Exploration & Visualisation of FastText Word Vectors Using TensorFlow 1 and 2

Requirements and Dependencies

To run the code the following are a must to be installed:

Serial No Libraries to Install
1. FastText
2. TensorFlow
3. Spacy

Steps to Execute

  1. Download the bbc-text.csv dataset from here​ or it can be downloaded through the terminal if gcloud is already setup by the command gsutil cp gs:​//​dataset-uploader​/bbc/​bbc-text.csv [path to notebook directory]

  2. Make sure all the libraries are present/updated according to the requirements and dependencies mentioned above.

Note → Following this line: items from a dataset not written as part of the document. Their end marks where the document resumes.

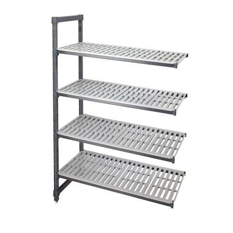 Camshelving® Elements XTRA Stationary Add-On Unit, 18"W x 54"L x 84"H, 4-tier, withstands temperature from -36°F (-38°C) to 190°F (88°C), includes: (4) vented reinforced polypropylene shelf plates with Camguard® antimicrobial protection, (2) composite posts with leveling feet installed, pre-assembled post connectors & wedges, (8) Universal Traverses & (4) bags of 4 dovetails (8 left, 8 right), 800 lbs. capacity per shelf /2,400 lbs. max capacity, speckled gray, NSF (NOTE: This is a new product line. It is NOT compatible with original Elements Series products.)
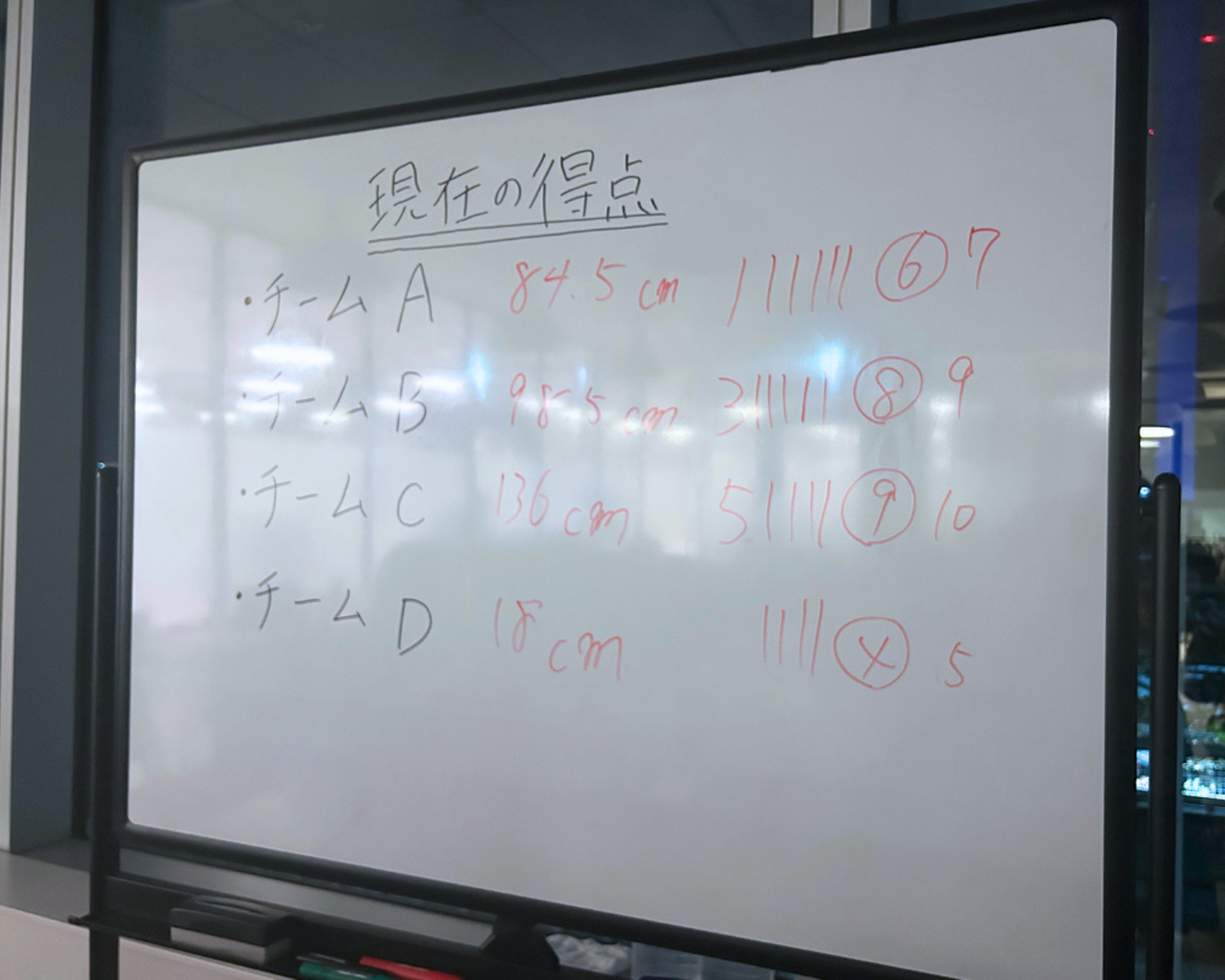 -最終ボーナス問題前の各チームの得点-
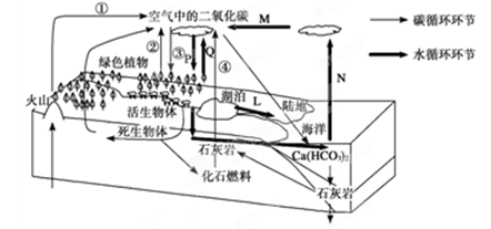 3、单选题 下图为“自然界碳、水物质循环示意图”, 读图完成以下问题。
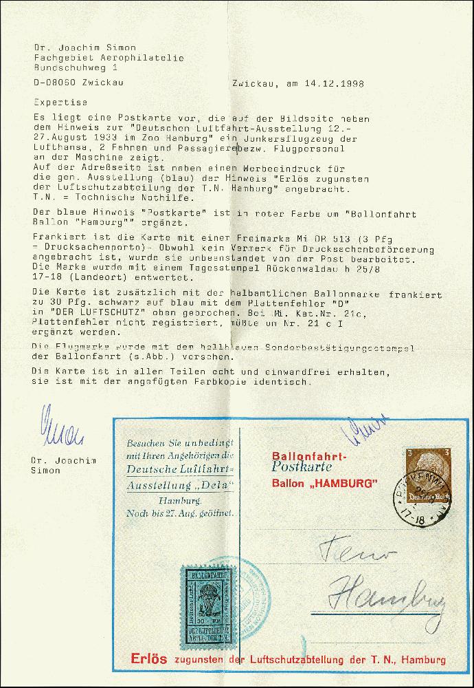 | Zusatzinformationen und Suchstichworte: | 366. Auktion Heinrich Köhler Auktionstermin 19.-24.03.2018 Los 1804 1933, Ballonfahrt 30 Pfennig schwarz auf hellultramarin, mit Plattenfehler "D" von "DER LUFTSCHUTZ" sauber mit Stempel auf anlassbezogener Karte mit Zufrankatur nach Hamburg, tadellos, Fotoattest Simon BPP (1998) Ausruf 250,00 EUR |
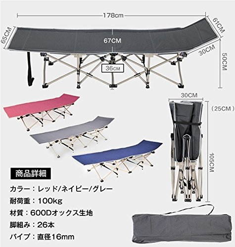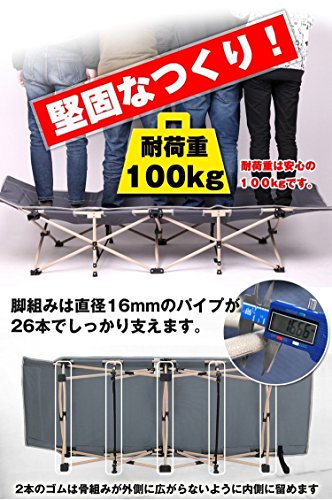 手頃な価格ながら、とってもタフなコット。サイズは十分に広く、頑丈ななスチール製でその分、重さは9kgと重いですが、安定感は抜群。ベンチにも荷物置きにも便利です。組み立てやすいバー付きフレームで力もいらず、使い方も簡単です。スチール製なのでサビやすいため、おて手入れは丁寧にした方が良いですね。

  3. To train the model according to the above complete dataset using FastText, run the notebook fasttextmodeltrain.ipynb present in _notebooks folder. A pre-trained model (2.4GB size) based on the dataset can be downloaded from here.

According to the FastText documentation:

The most important parameters of the model are its dimension and the range of size for the subwords. The dimension (dim) controls the size of the vectors, the larger they are the more information they can capture but requires more data to be learned. As any value in the 100-300 range is popular, the notebook has been implemented with dimension equal to 300.

Steps 4,5 and 6 differ for TF1 and TF 2. After that, the steps are same.


To Visualise Embeddings Using TF1 [NOT ADVISED]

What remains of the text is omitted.